A couple of nights ago, after running several errands after work, The Hubs and I finally decided that it was almost nine and we should probably eat dinner. However, we could not agree on something. I wanted Wendy's but somehow ended up taking a turn too far from one. He was not keen on the Wendy's idea so he was more than happy to throw other suggestions. They ran the gamut but I didn't feel like any of them. I finally just made him decide before my stomach ate the baby. He decided on Boston Market.
We walked in and it was close to closing time but weren't phased by the fact that the sides were well congealed with burnt bottoms. I struggled with the menu because I had chicken for lunch and I wasn't feeling much like turkey. Then, I saw an ad on the wall advertising ham and I got so excited. I LOVE Boston Market's ham. They used to have it on the menu and then one day it just vanished into thin air. I was so happy to see it again, I did a dance and The Hubs hates when I do that. When the guy asked for my order, I could not say "ham carver" fast enough. He nodded and walked away and I jumped up and down and clapped (something else The Hubs hates).
Two seconds later he came back. "No more ham."
"Just get a salad.
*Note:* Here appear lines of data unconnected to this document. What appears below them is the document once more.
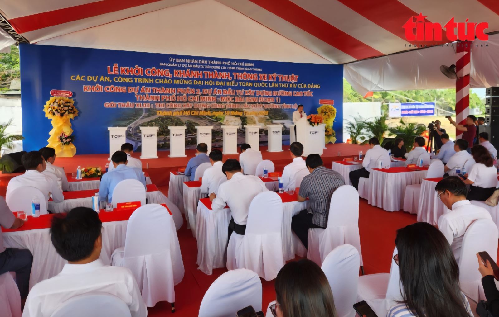 Lãnh đạo TP Hồ Chí Minh cùng lãnh đạo tỉnh Tây Ninh và Ban Giao thông bấm nút khởi công dự án cao tốc TP Hồ Chí Minh - Mộc Bài.
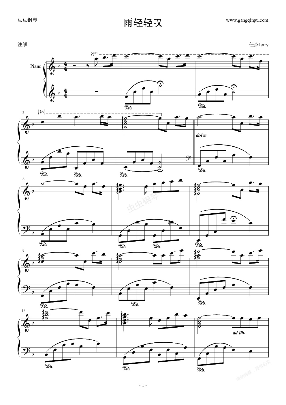 钢琴谱:雨轻轻叹
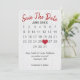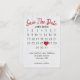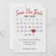 "Calendrier sauvegarde de la date" avec cœur rouge sur fond de bois de grange blanchi rustique pour un mariage imminent.
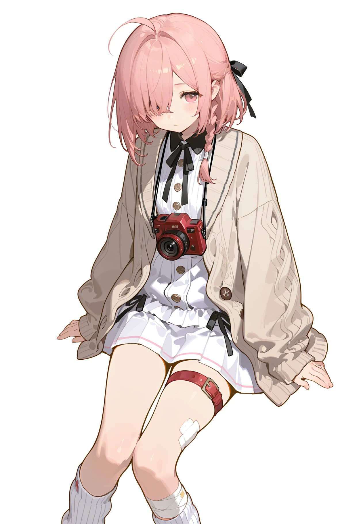 skuld (aether gazer) 1, 1girl, solo, pink hair, black ribbon, single braid, long sleeves, pink eyes, cardigan, hair ribbon, jacket, medium hair, neck ribbon, hair over one eye, white dress, black bow, white shirt, white skirt, ahoge, red thigh strap, loose socks, white socks, camera around neck, bandaged leg款式二
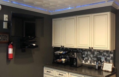 - Kitchen equipped with dishwasher (with detergent pods), refrigerator with ice maker, microwave, toaster/toaster oven combo, blender, tea kettle, coffee make, 4 burner electric stove. Wine glasses, Pots, pans, eating utensils, and grilling utensils provided
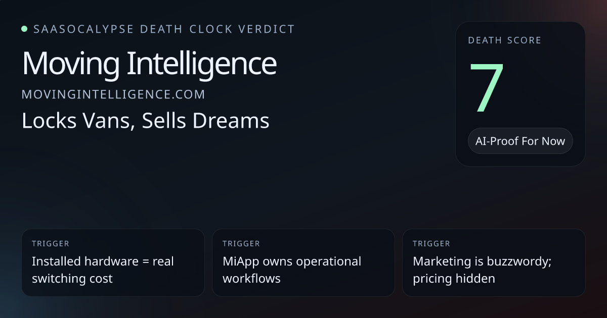 Installed on-vehicle hardware plus MiApp create device/data gravity and real switching costs (factor_breakdown: switching_cost=12, integration_depth=8, workflow_ownership=12).No AI positioning or model-dependency markers visible on the site (model_dependency_risk=0).Enterprise trust signals (25+ years, company registration, conference participation) and a partnership with Echoes suggest real B2B traction rather than thin consumer copy.
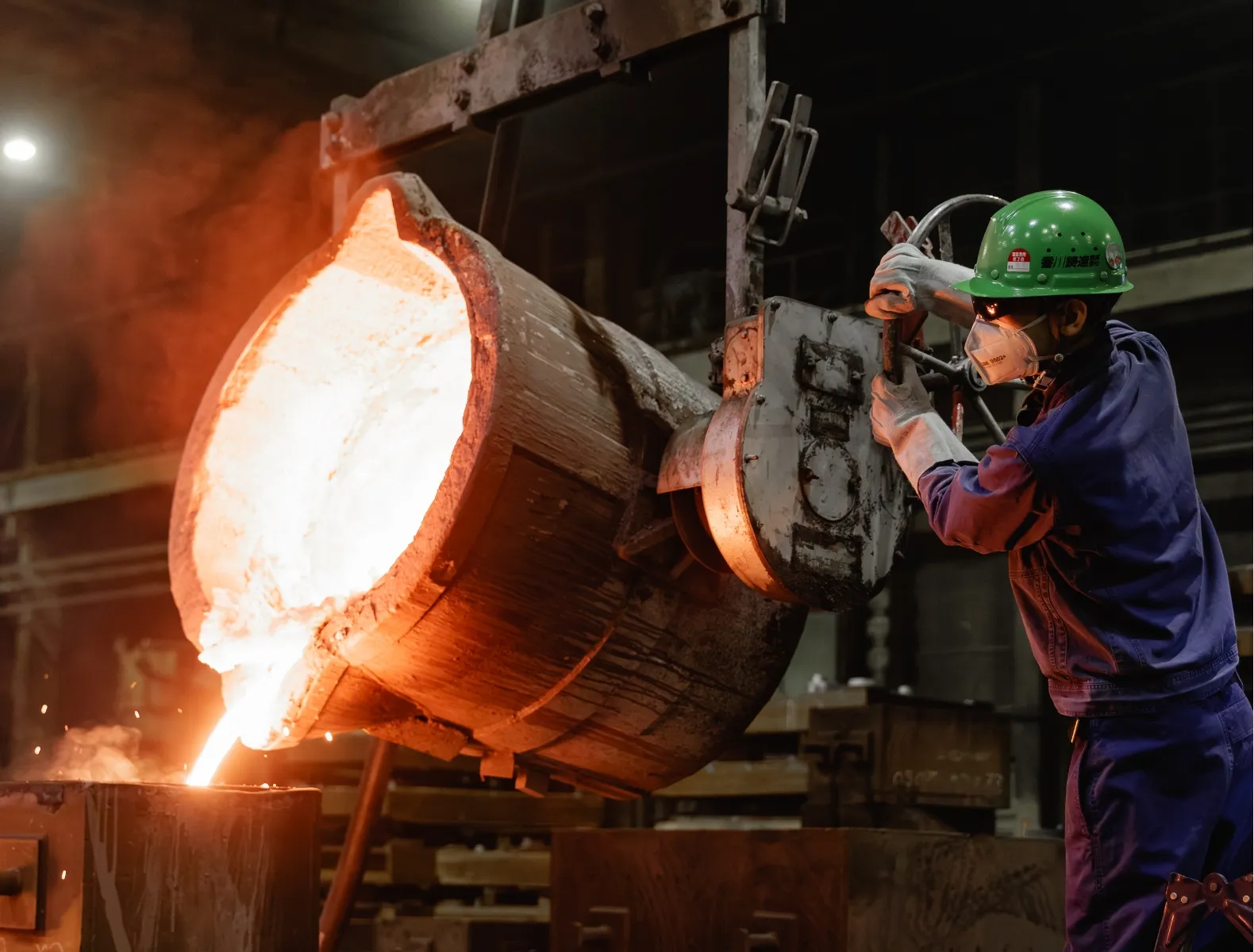 現在の仕事は、電気炉で溶かされた「湯」(鉄)を大・中・小のサイズ別ラインの「砂型」に流し込む作業を行っています。1500℃もの熱を持つ素材をあつかう「非日常の世界」ですが、お客様からの注文の品を、まだカタチのないところからカタチにする、創り出す最初のステップでもあり、僕はそこに一番やりがいを感じています。

You like the salads here," The Hubs said in a not so subtle attempt to derail my fury train. A salad was not ham. If i suggested a salad instead of his beloved meatloaf, he would have laughed so hard he peed his pants.
I eyeballed the menu again but nothing was striking me. Meanwhile The Hubs put in his order while i struggled.
"You want to leave, don't you?" He asked me. I nodded yes. "But you can stay and eat your meatloaf while it is warm and i can get something after," i offered. "No, I'll just get it to go and you can get something else."
The dude at the register put the nail in the coffin. "This was the last day for ham. It was just a holiday special."
"Of course it is!" I shot back. "First it was the Cosi veggie muffellatta, then DQs butterscotch dip it and now this. Honestly, I don't know why you ever took it off the menu in the menu in the first place. It obviously sells well because you are out of it."
"We ran out hours ago," he said not helping his case.
"See," I said. "This furthers my theory that there is a conspiracy against my uterus. I have a craving for something and it gets swallowed into the black whole of retired menu items. Why now? I don't understand."
The guy at the register was obviously perplexed by my rant or the term uterus. The Hubs paid for his meatloaf and I stormed out but not before saying I was through with Boston Market until they bring back the ham. Something else my husband hates to hear me say because he knows in a week or two I will be back just like I go back to Cosi and Homegoods and all the other stores I stormed out of over the years. I just need to cool off.